On news Monday that auditors thought that the world’s largest insurer had a “material weakness” in the evaluation of its structured finance portfolio, the company lost $15bn from its market capitalisation.

The disclosures AIG has previously made to the market about its CDO writedowns don’t look quite right, think PricewaterhouseCoopers.

When the world’s largest insurer’s figures are published for 2007, AIG could be looking at total writedowns on CDOs in excess of $5bn.

On September 30, when it filed its 10-Q, AIG reported a writedown on its CDO exposure of $352m. By October 31, that figure had risen to $899m. And by November 30, it was $1.6bn.

That series of figures is what everyone has hitherto known about.

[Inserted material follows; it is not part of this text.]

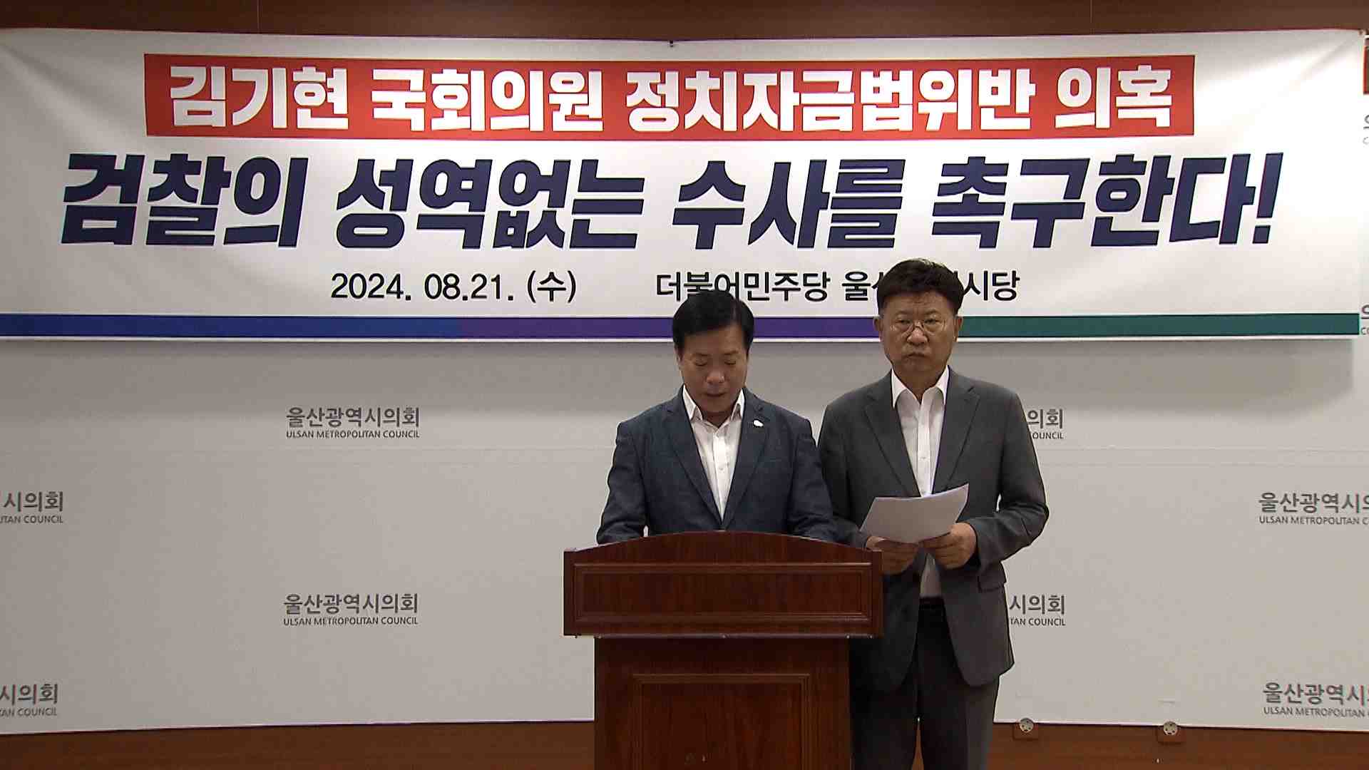 더불어민주당 울산시당은 오늘(8/21) 기자회견을 열고 김기현 의원의 야유회 행사 비용 대납 의혹에 대한 엄정한 수사를 촉구했습니다.

But underneath that, the raw marked-to-model numbers tell a different story. The gross writedown was $352m in September, $899m in October and… $5.9bn in November.

The two series differ in November because AIG decided suddenly to apply two “benefits” to its pricing model in that month. And it’s perhaps quite rightly these arbitrary, management-applied “benefits” that PwC has a problem with.

The first benefit applied in November, not seen in previous months, was a “cash flow diversion feature.” This one is probably the most understandable and reasonable of the two:

AIG’s CDO exposure is via swaps on super-senior CDO tranches. We can assume that a significant number of the CDOs to which AIG is exposed have triggered “events of default”, which gives control of those CDOs to… the super-senior tranches. One of the options available to the super-seniors is putting the CDO into “acceleration”; whereby the structure’s cash flow is completely diverted to pay off all the coupons and all the principal of the super-senior noteholders before anyone else is paid a penny. It is indeed conceivable that that should have an impact on the AIG valuation model. In the event, AIG said it amounted to a benefit deductable from the $5.9bn figure of $732m.

It’s AIG’s second “benefit” then, which is troubling.

As well as the above cash flow diversion benefit, AIG applied an additional $3.6bn benefit, deductable from the $5.9bn figure, based on a negative basis “spread differential”.

This was derived from the fact that AIG didn’t actually own any tranches of CDOs and is instead exposed via swaps on those tranches.

As do many monolines, AIG insured owners of CDO paper. Making it a party on one side of a negative basis trade. AIG reasoned that its valuation model had churned out a $5.9bn writedown based on the cash bonds of those CDOs - not the swaps on those cash bonds. So it squared that by applying a “benefit” it approximated as equivalent to the spread between the cash bonds and the CDS it owned on them - a figure of $3.6bn.

As Alea points out, that negative basis differential is always uncertain.

PwC clearly think so too, because as AIG says at the foot of its 8-K:

AIG will not include any adjustment to reflect the spread differential (negative basis adjustment) in determining the fair value of AIGFP’s super senior credit default swap portfolio at December 31, 2007.

In other words, AIG’s 2007 figures, when released, will include at least an extra $3.6bn writedown, bringing the total as at November 30 alone, to $5.2bn.

Given too the assumption that CDO tranches declined even further in value through December, and the figure may well be more.

Then, of course, there’s January too.